Problem description:
Exactly retype the lines below from the one containing "思い浮かべた場面や気持ちを、" through the end of the listing. Leave pictures out.

Supplied entries:
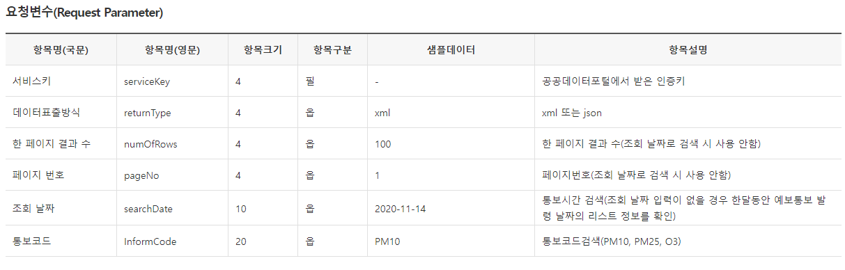 http://apis.data.go.kr/B552584/ArpltnInforInqireSvc/getCtprvnRltmMesureDnsty?serviceKey=본인 서비스 키&returnType=json&numOfRows=1&pageNo=1&sidoName=서울&ver=1.0
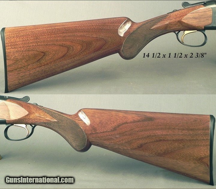 Description: #28264ZV131, Browning 20 Bore Citori Lightning Grade I That Remains Unfired in the Factory Box, Made in 2015, 26" Vent Rib Invector Plus Barrels with Invector Plus chokes, It has 3 flush Browning chokes, .628 .007 - .011 & .026" (Imp. Cyl. - Mod. & Full), 3" factory chambers, Single selective trigger, Game forend that has a slight bit of meat to it, Round knob Pistol grip stock at 14 1/2 x 1 1/2 x 2 3/8" over the factory buttplate, It will go 15 1/8" with a 1" pad installed, 6 lbs. 7 oz., The forend matches almost perfectly, 35% coverage of engraving, The original factory barrel blue is 99%, The receiver blue remains at 99%, The wood is at 99% with gun cabinet marks only, The checkering is 100%, The bores are new. This is buying it new as it is absolutely unfired and is a one owner gun that was gifted to him and it never left the house. All it has is a few gun cabinet marks. It comes with the factory box and all the Browning paperwork. SOLD Shotgun Gauge: 20 Gauge |
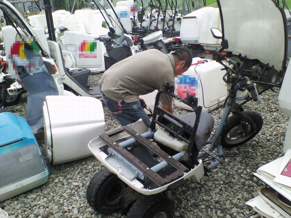 午後過ぎから秘密工場に移動、部品取りの車体を物色中のけんちゃん
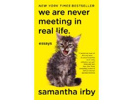 Package includes: Signed copy of "We Are Never Meeting in Real Life" by Samantha Irby, $25 gift certificate to Women and Children First bookstore, cat pins and patches by Everyday Olive, pizza and ice cream shaped catnip toys by FelineFun, and fish print cat food bowl by Whirprint.
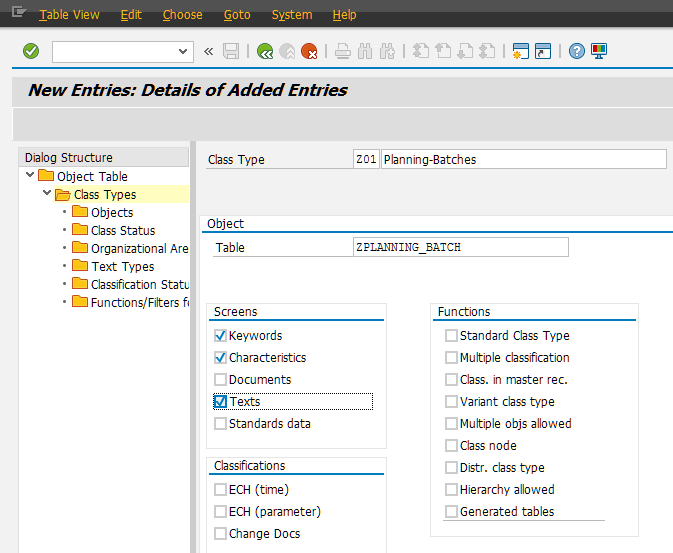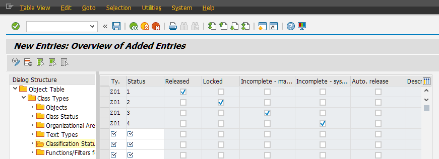 For a recent project, we were required to link the classification system to entries in a custom Z-table. To make it easier to understand, I’ve simplified the table structure and excluded non-essential fields, leaving only the primary key.
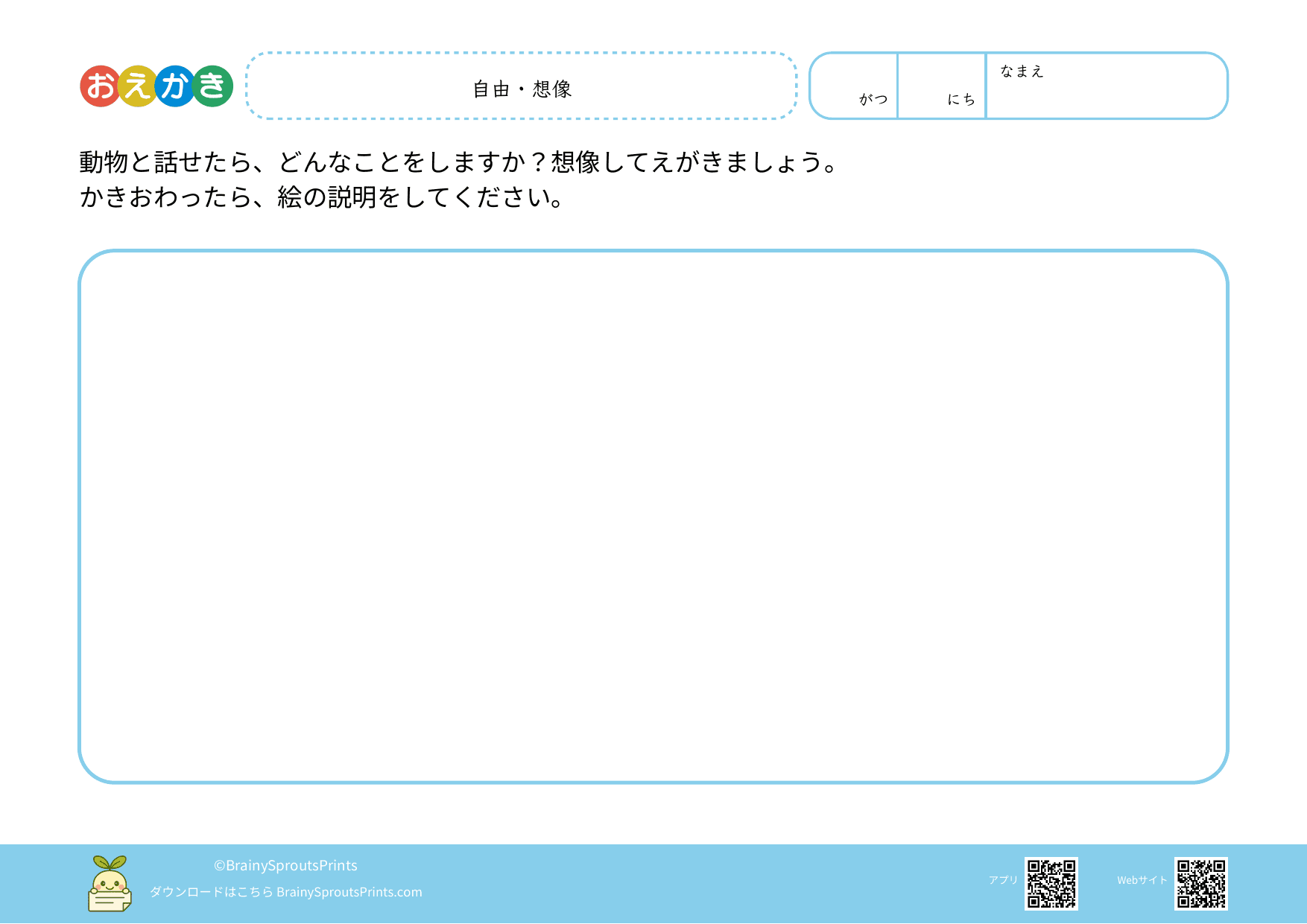 思い浮かべた場面や気持ちを、絵にして表すことを楽しめるプリントです。うまく描くことより、「何を描こうと思ったのか」「どこを面白いと感じたのか」が見えると、おえかきの時間がぐっと豊かになります。 自由に描ける余白がある分、描き始めるきっかけや、描いたあとにことばにする時間を少し足すと、表現の広がりが出やすくなります。
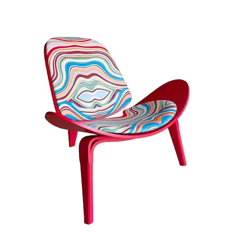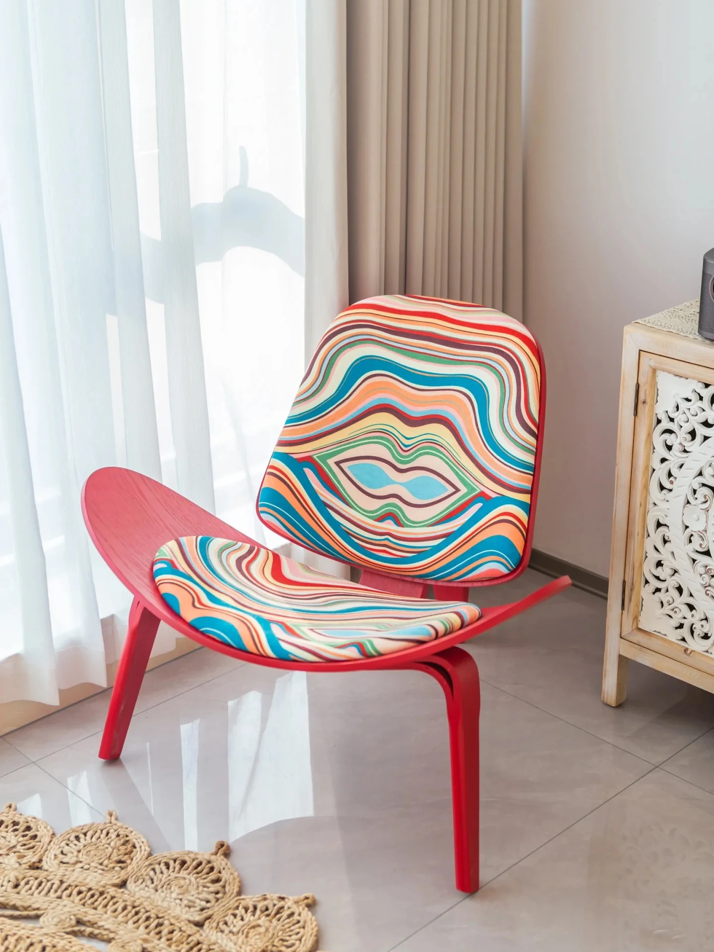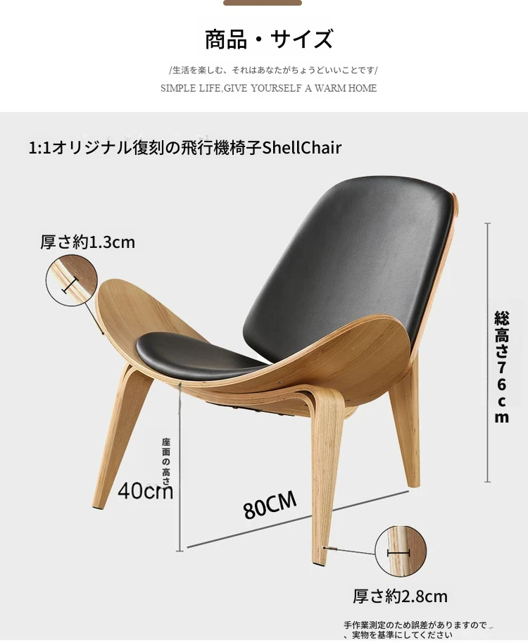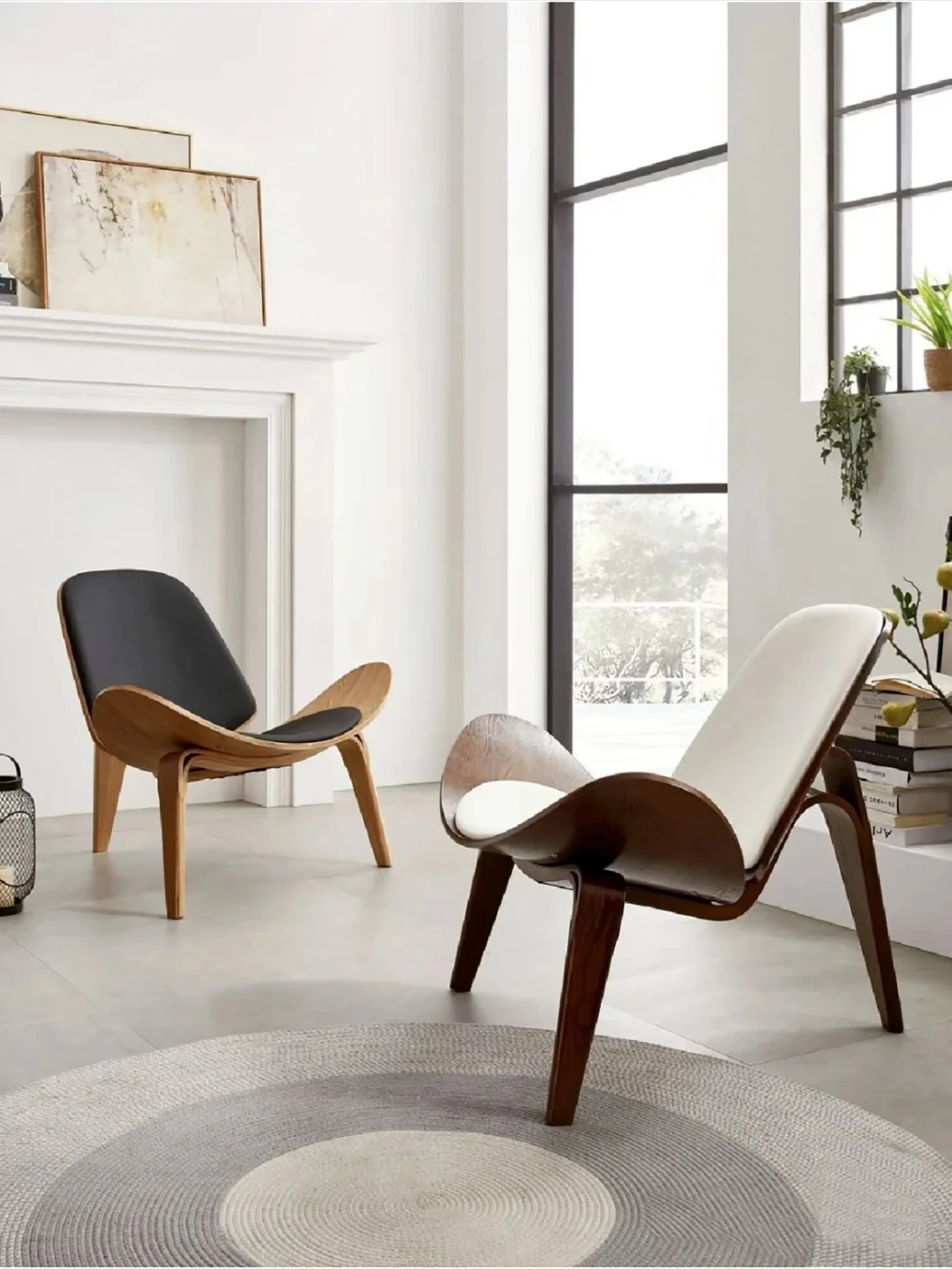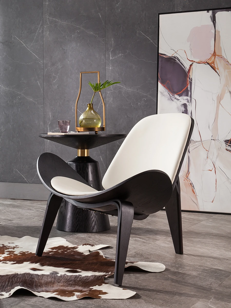 北欧アートの快適な無垢材製ライトラグジュアリー、創造的な現代的ミニマリズムデザイン、デザイナーによるシングルソファ、微笑む飛行機シェルチェア

Response below:
 思い浮かべた場面や気持ちを、絵にして表すことを楽しめるプリントです。うまく描くことより、「何を描こうと思ったのか」「どこを面白いと感じたのか」が見えると、おえかきの時間がぐっと豊かになります。 自由に描ける余白がある分、描き始めるきっかけや、描いたあとにことばにする時間を少し足すと、表現の広がりが出やすくなります。
 北欧アートの快適な無垢材製ライトラグジュアリー、創造的な現代的ミニマリズムデザイン、デザイナーによるシングルソファ、微笑む飛行機シェルチェア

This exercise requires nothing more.